Прежде он не видел ее в джинсах и свитере. Она выглядела даже еще более по-американски — и стала еще более желанной. Она поднялась, открыла дверь в спальню, и он почувствовал знакомый запах раньше ее.
Он попытался опередить ее, но за ту секунду, что понадобилась ему, чтобы вскочить с пола, она уже вошла внутрь. Комната была темнее прочих помещений, несмотря на то что небо за окном уже посерело перед рассветом, и она не могла бы ничего разглядеть. Если бы машинально не включила свет.
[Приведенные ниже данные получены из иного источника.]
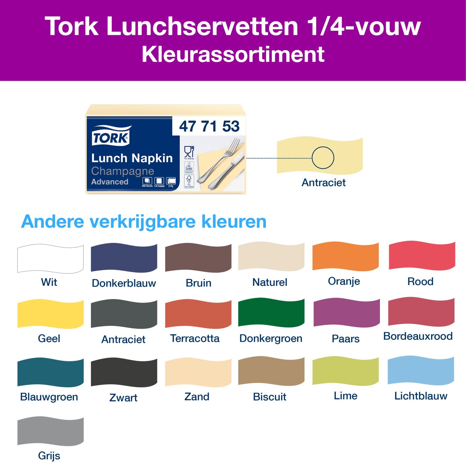 U heeft de keuze uit een groot assortiment eigentijdse en klassieke kleuren, zodat er altijd een servet is dat bij uw interieur past. Deze servetten worden geleverd in een verpakking van 50 stuks, waardoor ze zowel geschikt zijn voor bedrijven als voor particulieren die waarde hechten aan kwaliteit en stijl.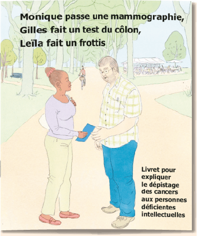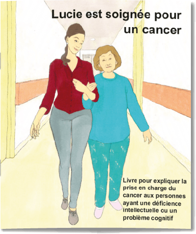 Le livret « Lucie est soignée pour un cancer » réalisé en 2014/2015, est fait de 47 images et textes adaptés qui expliquent de façon simple le trajet diagnostic et thérapeutique du cancer aux personnes qui ont une déficience intellectuelle. Le livret est destiné aux professionnels des établissements de santé, des établissements médico-sociaux accueillant des personnes en situation de déficience intellectuelle ainsi qu’aux familles. Ce livret est distribué gratuitement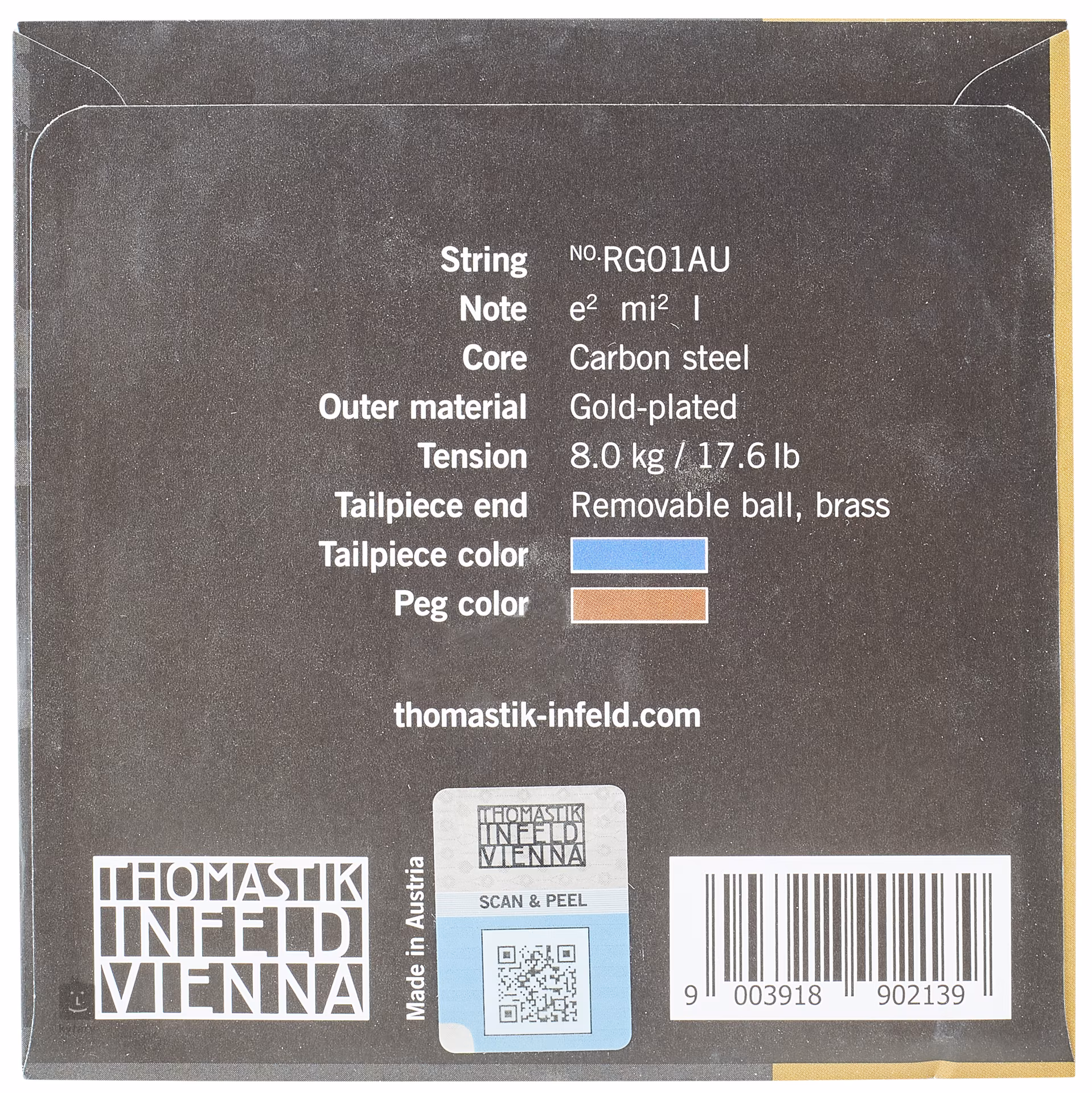 Eine E-Saite aus der Rondo Gold Serie von Thomastik, die sich durch stabile Stimmung und einen hellen warmen Ton auszeichnet. Die Wicklung ist aus Gold gefertigt.

Рука Бастьена уже дотянулась до Хлои, и он рванул ее за дверь, но недостаточно быстро, чтобы она не увидела тело женщины, лежащей на полу. Должно быть, та была мертва не более нескольких часов, вероятно, умерла незадолго до того, как Хлоя вернулась домой. Если бы она пролежала дольше, запах был бы ощутимее.
Бастьен обхватил Хлою, зажал ей рот ладонью, чтобы заглушить крик, и выволок из комнаты, пинком захлопнув позади себя дверь и тем самым отделив их от трупа. Но запах уже наполнил комнату, и им пришлось выбежать как можно быстрее.
Хлою рвало, и он не мог в этом ее упрекать, но не мог себе позволить и джентльменских манер. Он вошел сюда обходным путем, через крыши и окно склада, и тем же путем отсюда выйдет, прихватив с собой Хлою, если перекинет ее через плечо и унесет.
Она больше не пыталась кричать, и он перестал зажимать ей рот на то время, что понадобилось ему, чтобы схватить с постели пальто, вытолкать Хлою из комнаты и закрыть за ними дверь.
И они устремились в ледяной рассвет парижских улиц, неся на себе запах смерти.